Boramimi Special / HOME

笑顔と生きがいを支えるもうひとつの家 コンビニハウス


「また行きたい」の声に励まされて

 台所のテーブルでお茶を飲みながら、お話をうかがっていると、玄関の方であいさつを交わす声が聞こえてきました。 利用者の人がやって来たようです。
 コンビニハウスは会員制。利用者は年間登録料、月会費のほか、外出、入浴など内容に応じて利用料金が必要です。 「補助金はゼロの事業だけど、あたりまえに生きる権利なんだから、最低料金でやりたい。これ以上会費は上げたくないから、 会員を増やすしかない。でも今はいっぱいいっぱい」と大川さん。現在、会員は66名、さらに18名が入会を待っているそうです。
 今から6年前、コンビニハウスがオープンして、会員登録の受付け開始日には、10時の開始時間を待つことなく電話が鳴り始め、 2時間受話器を置く間もなかったそうです。「待ってました!とばかりにたくさんの人がやって来た。大変でしたよ。 でも学生ボランティアがよくやってくれた。もっと障害のことを学ばなければ介助はできないから学習会を開いて欲しいと訴えてきて、 必死でしたね。しばらくして職員が入ったときは、職員がボランティアに習いながらやってたぐらい」と大川さん。 ボランティアの熱意が利用者にも伝わってか、「コンビニハウスに行きたい、今度いつ行けるの」という声は広がっていきました。 最近発行された会報の中に、利用者のこんな声がありました。「・・・お父さんに、グアムとコンビニハウスどっちに行きたい?と聞かれ、 『コンビニハウス!!』と答えると笑っていました。そんなにおかしいかな。・・・」

写真 「この切絵、まりさんがつくったんだよね。今日はこれからショッピングセンターにこの絵を入れる額を買いに出かけます。そうですよね」。介助ボランティアの寺境あさ美さんの問いかけに「うんうん」と大きくうなずきます。


ボランティアに学びの場を

 さて、この日もボランティアさんが何人か来ていました。大学2年生の寺境あさ美さんは、この4月から介助のボランティアをしています。 「最初はどうしていいのかわからなくて緊張しました。利用者さんによって食事介護のしかたも違うので利用者さんに教えてもらいながら やってます。初めは意思疎通がうまくいかなかったけど、だんだん言葉がなくても合図でどうしたいかわかるようになってきた。 それがすごくうれしい」と言います。

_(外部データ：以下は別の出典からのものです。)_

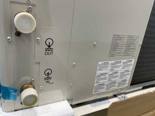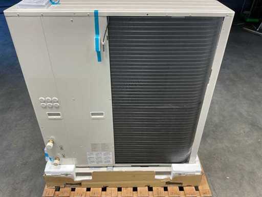 De buitenunit heeft afmetingen van 1410 x 1283 x 320 mm (h x b x d) en een nettogewicht van circa 150–164 kg. Het systeem behoudt zijn verwarmingscapaciteit bij lage buitentemperaturen tot circa -20°C.
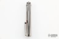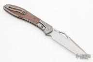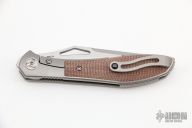 The Mongoose front flipper was designed by Jerry Moen and produced by Reate. This knife features a satin finished blade with a thumbhole and notched thumbrest.  The handle features a titanium frame, backspacer, and tip up pocket clip all complimented by canvas micarta inlays.  New condition.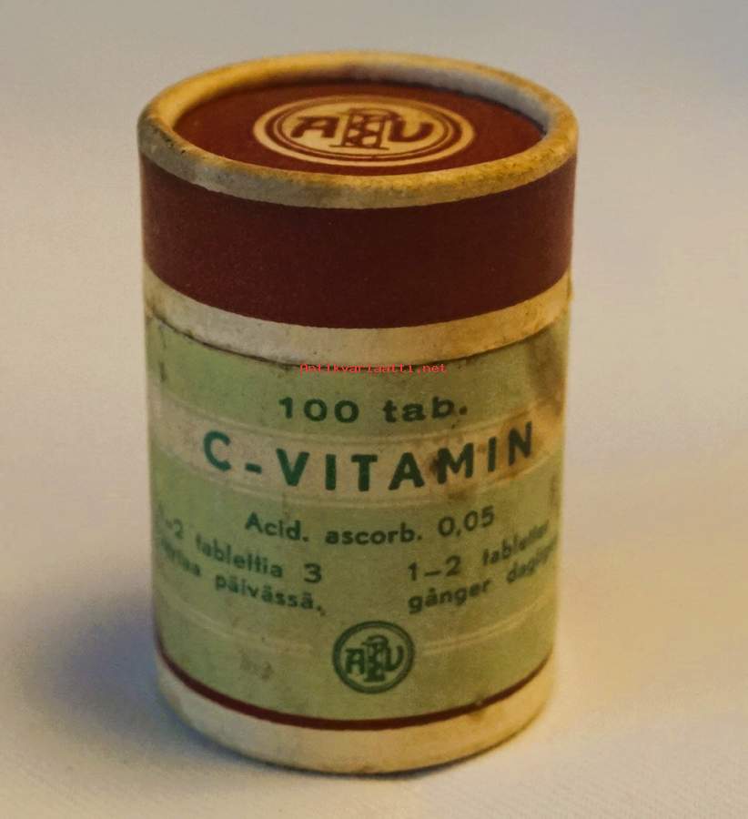 C -vitamin tyhjä lääkepurkki pahvia 50x30 mm apteekki lääkepakkaus

1対1で向き合い、ひとり一人の生活のペースを知り、それに合せてじっくりゆっくり付き合って いきます。「ここで1日介助して、帰るときに、また来たいって思うんです。毎回、そう思うんです」とあさ美さん。
 大川さんは月に1回、ボランティアのための学びの場を設けています。日本福祉大学の教室を借りて、誰でも参加できる講座を開きます。 介助の学習、意見交換、講師を招いて講演会を開くこともあります。「ボランティアのおかげでコンビニが助かって終わり、じゃなくて、 ボランティア自身が何かを得られる場を提供していきたい」。

写真 「家よりも一生懸命掃除しますよー」と家事ボランティアの角田貴久美さん。